Juxtaposer une sélection d’airs expressifs d’opéra et le Requiem de Fauré, un des plus placides de l’exercice, est une proposition osée. Pourtant le programme original proposé par Raphaël Pichon à la Philharmonie de Paris brille par l’évidence de sa cohérence intellectuelle : après la « Méditation religieuse » tirée de Tristia de Berlioz, dont le chœur nous rappelle la vanité des péripéties terrestres par rapport à la transcendance tranquille du Ciel, on va justement entendre les déchirements humains d’Hamlet et Ophélie à travers des scènes choisies d'Hamlet d'Ambroise Thomas avant que la « Marche funèbre pour la dernière scène d’Hamlet », elle aussi issue de Tristia, n’emporte leurs corps dans la tombe. Immédiatement après, le Requiem se fera l’écho du premier numéro du concert, accueillant les âmes des défunts dans la quiétude du paradis.

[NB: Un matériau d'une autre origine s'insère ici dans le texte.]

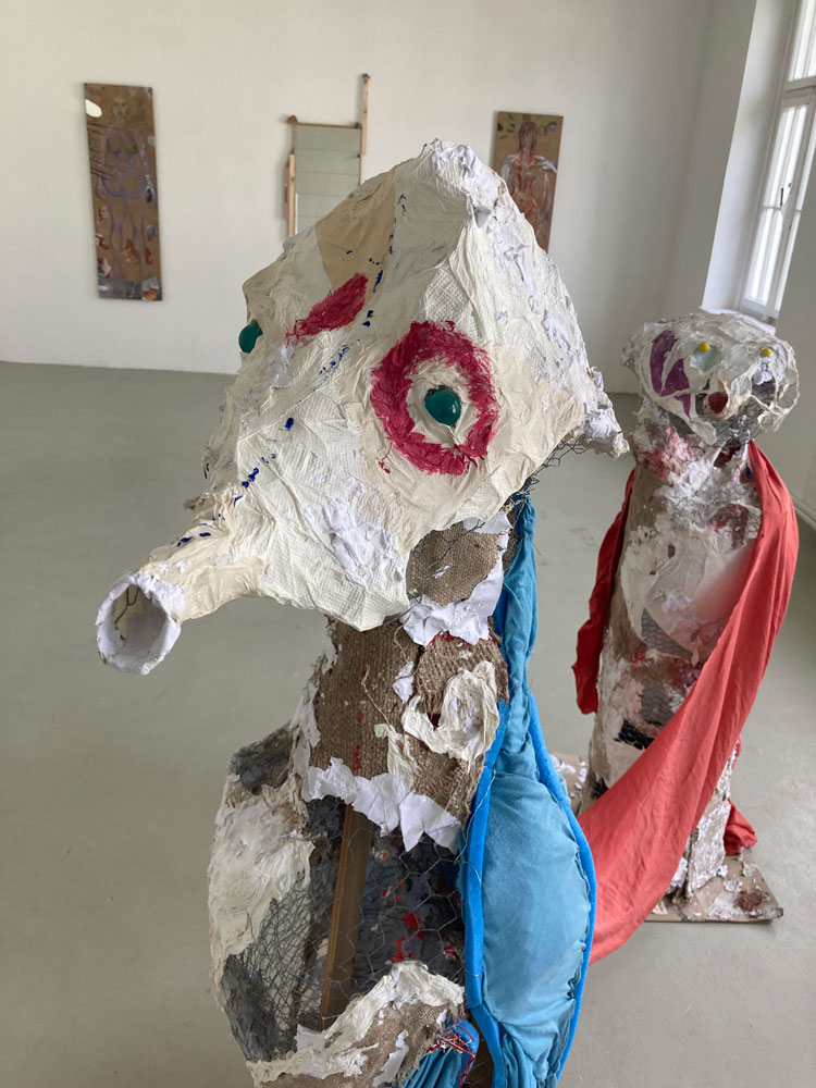 Samstag, 18. Juni 2022. Als ich den kühlen Ausstellungsraum des FAK betrat, sah ich sofort ihren langen Rüssel, den gierigen Sauger, dazu die Hautfetzen. Sie schälte sich. Oder war es eine Art häuten? An manchen Stellen blickte man durch ihren Körper. Sie hatte so traurige Augen.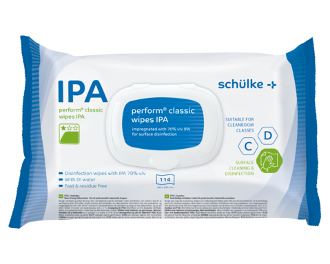 Desinfektionsmittel vorsichtig verwenden. Vor Gebrauch stets Etikett und Produktinformationen lesen. Nur für industrielle/ berufsmässige Anwender. Der in perform® classic wipes IPA enthaltene Alkohol entspricht der pharmazeutischen Qualität gemäss Ph. Eur. EU-0023656-0002 1-2

La volonté de créer un objet unifié prolonge cette cohérence en allant jusqu’à l’ajout d’éléments musicaux discrets mais probants. Ainsi les différents extraits sont le plus souvent liés par des sons de cloches, plus ou moins glaçants mais toujours éloquents, qui plongent l’auditeur dans un état d’esprit mystique bienvenu. Le timbalier et le percussionniste de l’Ensemble Pygmalion se répartissent les tâches en participant toujours justement au propos, en particulier lors de la gestion du rythme de tambour de la marche funèbre, sobre et incorporé dans le crescendo d’orchestre.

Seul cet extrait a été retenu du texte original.